Pay on foot is a variant where the driver is issued with a ticket at a barrier upon entering the car park. At the end of their stay the driver inserts the ticket into a machine which calculates the amount based on the duration of stay. The driver then exits the car park by inserting the paid ticket into another barrier. This system means that drivers do not have to decide on their duration in advance.
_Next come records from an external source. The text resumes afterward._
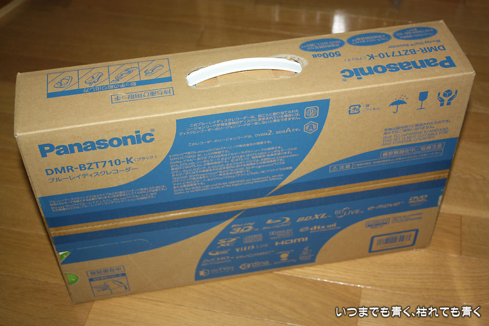 機種はパナソニックのDMR-BZT710-Kという製品。改装店じまいで安かったし、特別価格にもかかわらずバースディパスポート分を少し引いてくれましたし、価格.comの最安値と2千円くらいしか差がなかったし、そもそも、私の部屋にはデジタル対応の録画専用機がなくて不便をしていたし・・・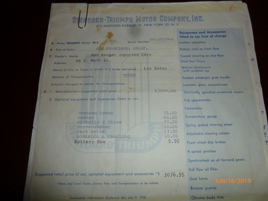 I drove 5000 miles round trip in a week to buy this 1965 Triumph TR4 from my sister in law. She and her first husband bought this car new on July 30, 1965 so she owned it just short of 54 years. My youngest daughter will become the second owner. The car was driven regularly when new and then less and less as the years went by. It was parked for the last time around 1982. It was moved once when my brother in law and her bought a new house around 1986. It sat in the same spot since then until I loaded it on the trailer Thursday. It had one repaint in the early 70's after a minor fender bender with the right front. She reupholstered the seats and replaced the rugs around 1976. The car has 123,000 miles and the motor has never been out. Not a speck of rust!! I am looking forward to getting it back on the road! |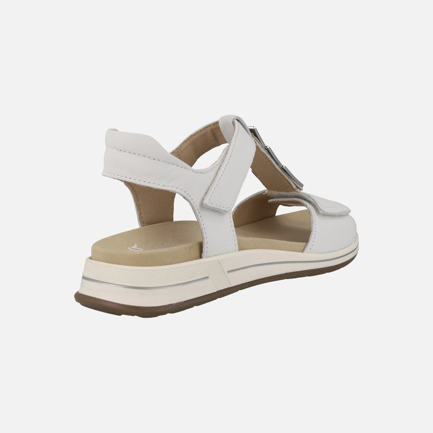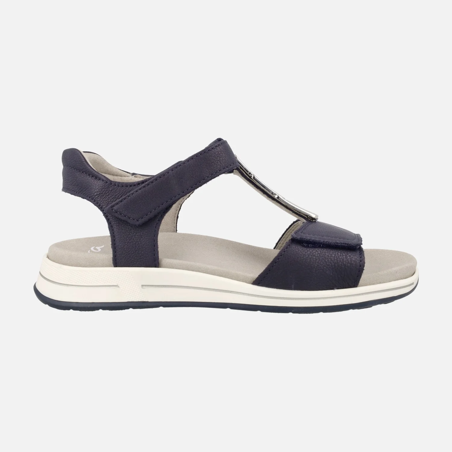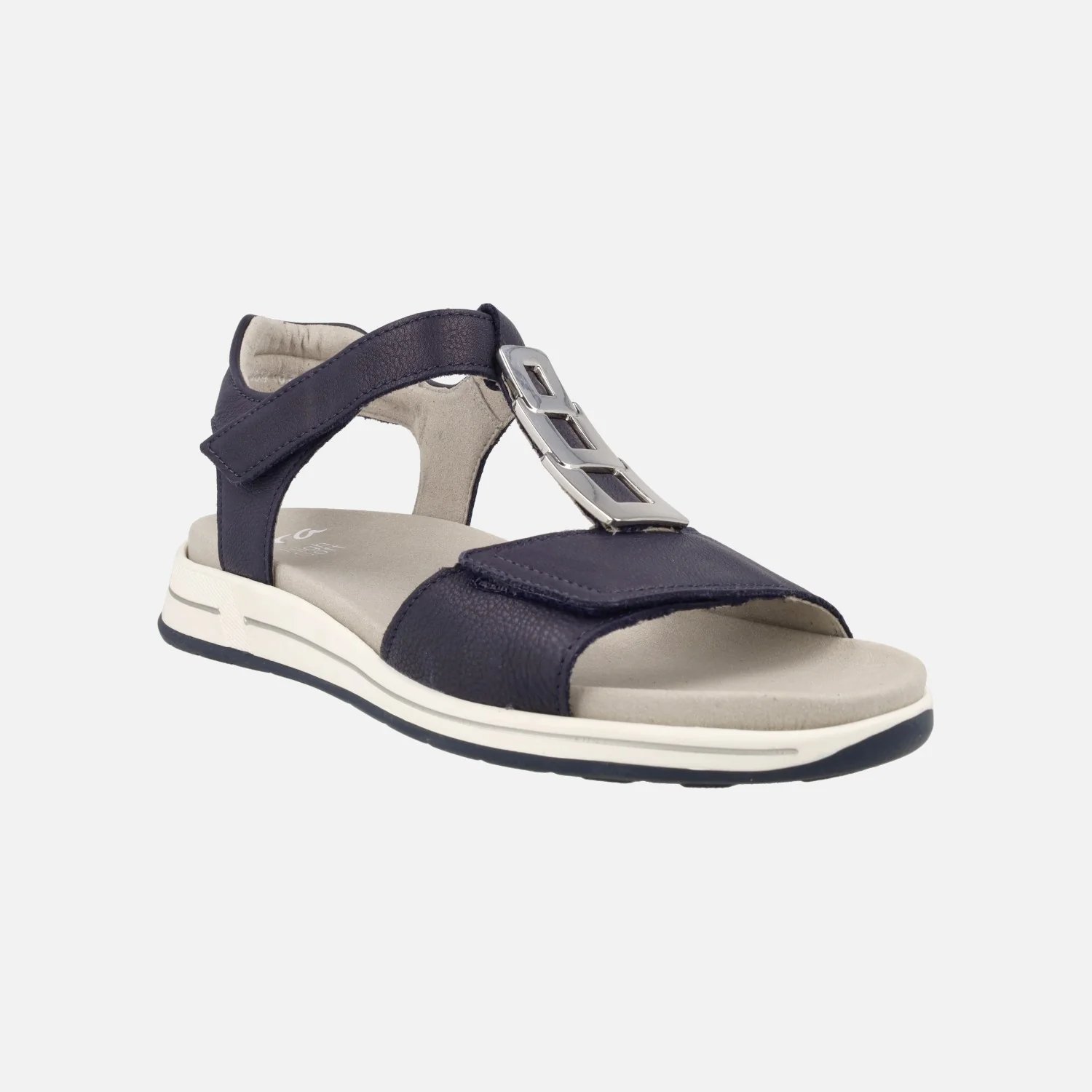 Sandalias confort para mujer de la marca Ara, modelo 1234804, disponibles en blanco y en azul. Sandalias de piel con cierre de velcros, en la parte delantera y al tobillo. Adorno metálico en el empeine. Interior textil con plantillas extraíbles. Piso de goma con 3 cm de altura trasera (1,5 cm parte delantera).

===Higher technology systems===
Progressions of pay and display include pay by phone parking and Pay by Plate, where payment is linked to a specific vehicle registration plate.

=== Coupon parking ===

Coupons used for parking in Singapore

Coupon parking, also known as parking vouchers, is a variation of pay and display without the use of machines; instead, the motorist purchases a booklet of coupons in advance from the authorities. To use a parking coupon, the motorist has to completely tear off tabs of the date and time, or scratch off panels on the date and time in which he/she leaves the vehicle. This process is similar to disc parking, except that a parking disc is reusable whereas a coupon can only be used once. In the Republic of Ireland, reusable free-parking discs are unknown and parking coupons are called "parking discs". The coupon is displayed on the dashboard or hung from the top of a door window facing the roadside. Multiple coupons are used if the parking time exceeds the allowance given for a single coupon, though this is not always permitted. The system is widely used in Singapore and Brazil, and in parts of some countries such as New Zealand, Malaysia, Austria, Ireland and Israel.

=== Pay and display in hospitality ===
The pay and display concept has also been adapted for hospitality settings, particularly bars and high-volume venues. In this model, customers order and pay on their mobile phone, then display a confirmation screen to staff for fulfillment. Rather than printing a parking ticket for a vehicle dashboard, the customer shows a digital order ticket at the bar.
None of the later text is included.